Putting a face on ED

Summary:

Although the ectodermal dysplasias were identified more than 150 years ago and much has been learned, particularly in the last 30 years, just how much remains to be learned is the focus of this presentation. While the understanding of some of the individual ectodermal dysplasia syndromes, the NFED’s patient database of more than 5,000 individuals suggests that nearly half do not have a precise diagnosis. Hypohidrotic ectodermal dysplasia, aka anhidrotic ectodermal dysplasia, has been thought to be the most common of the syndromes yet this is far from a homogeneous group, at least as far as many individuals identify them. Perhaps it would be better to say that HED is the most commonly recognized type of ED. However, efforts are being made to make better use of molecular diagnostics as well as to improve clinical diagnosis so that those without a diagnosis may soon have answers for their primary question, “what type of ED is this”. Information about a variety of ectodermal dysplasia syndromes will be included in the presentation along with preliminary outcomes from the International Classification Conference on the Ectodermal Dysplasias held in 2008.

Curriculum Vitae:

Mary K. Richter is the Executive Director of the National Foundation for Ectodermal Dysplasias (NFED) and has served in that capacity for more than 27 years. In addition to overseeing services to more than 5,000 children and adults affected by Ectodermal Dysplasia (ED) in 50 states and 64 countries, Ms. Richter has served as the Chairperson for the National Alliance for Oral Health, a coalition of professional and advocacy groups, as a member of the steering committee of the National Oral Health Information Clearinghouse and a member of the Partnership Network established to move forward recommendations embodied in the U.S. Surgeon General’s Oral Health Report delivered in 2000. Ms.
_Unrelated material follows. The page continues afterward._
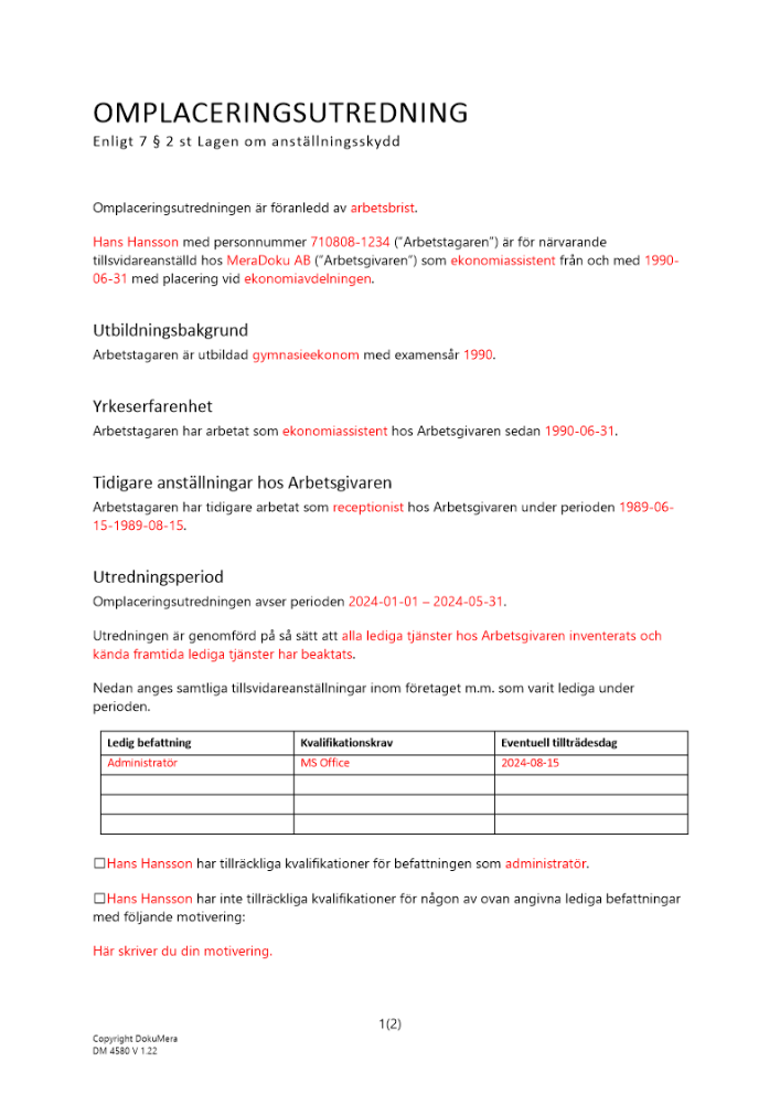 Produkter taggade med 'omplacering utredning omplaceringsutredning arbetsbrist personliga skäl uppsägning'
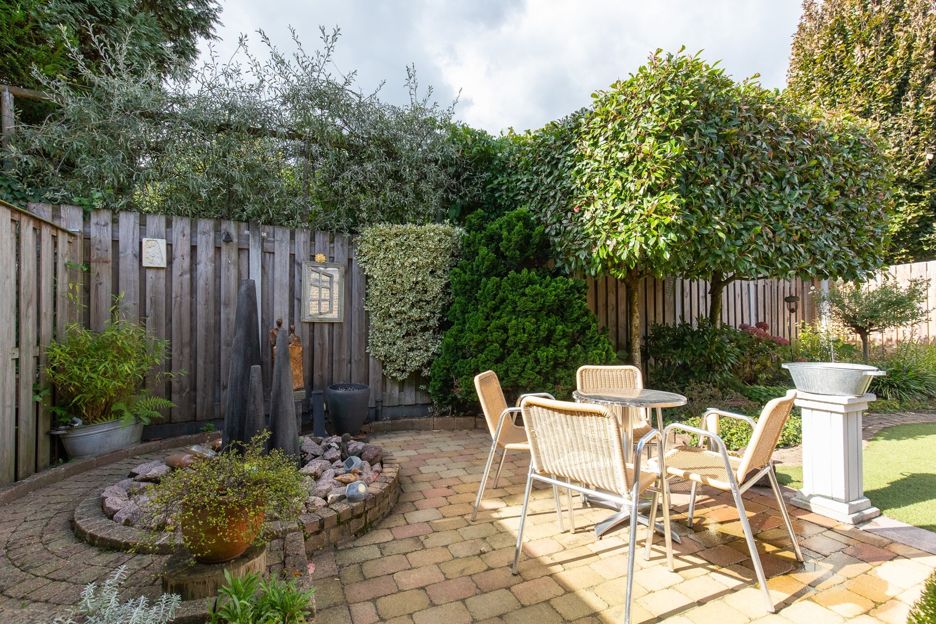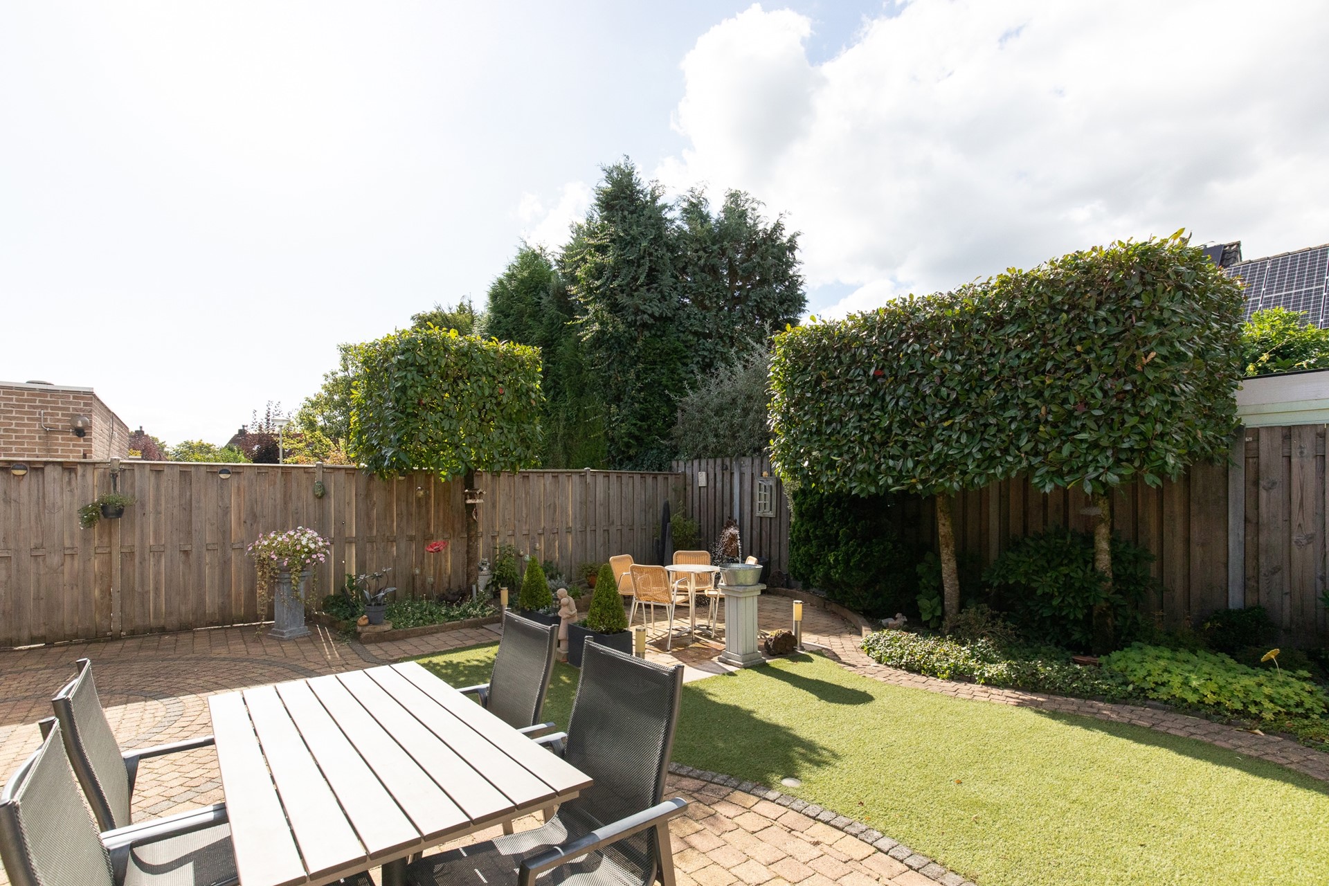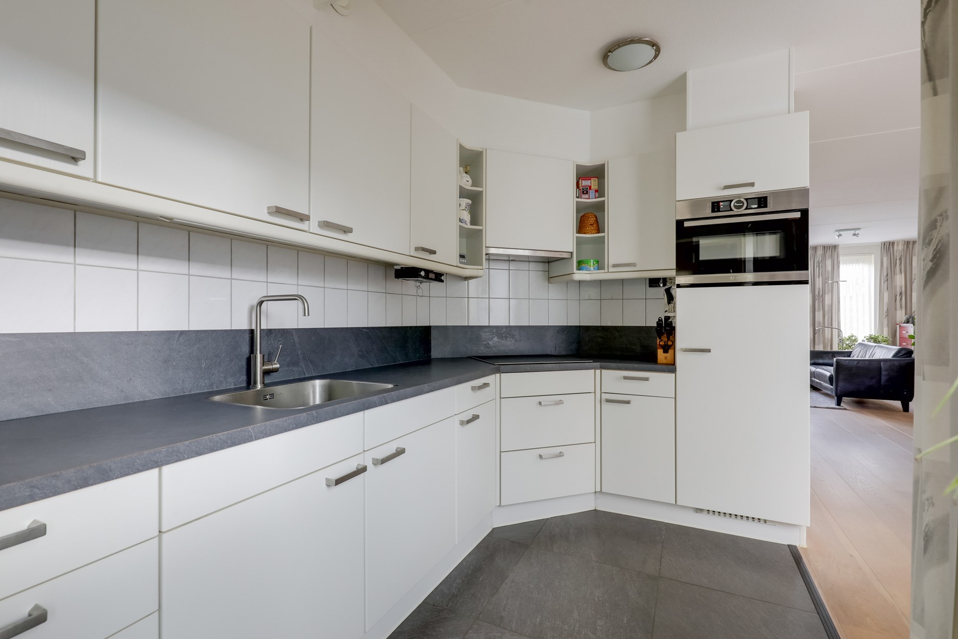 De halfopen keuken is uitgerust met voorzieningen zoals een inductiekookplaat, afzuigkap, heteluchtoven en een koelkast. Via de bijkeuken kom je in de heerlijke achtertuin waar je kunt genieten van veel privacy.

Richter is a former member of the Board of Directors of the National Organization for Rare Disorders as well as the National Advisory Research Council at the National Institute for Dental and Craniofacial Research (NIDCR). She currently serves as vice-president of the Friends of the NIDCR and as a commissioner on the Council for Dental Accrediation. Her efforts to improve the health and well being of individuals affected by ED have been recognized by the Academy of Dermatology, the Society of Pediatric Otolaryngology, and with the first ever Advocacy Award presented by the Friends of the NIDCR at a celebration marking the 50th anniversary of the Institute. She has served on numerous committees devoted to oral health issues and research both nationally and internationally, has given innumerable presentations on the topics and has published more than a dozen articles published in a variety of journals.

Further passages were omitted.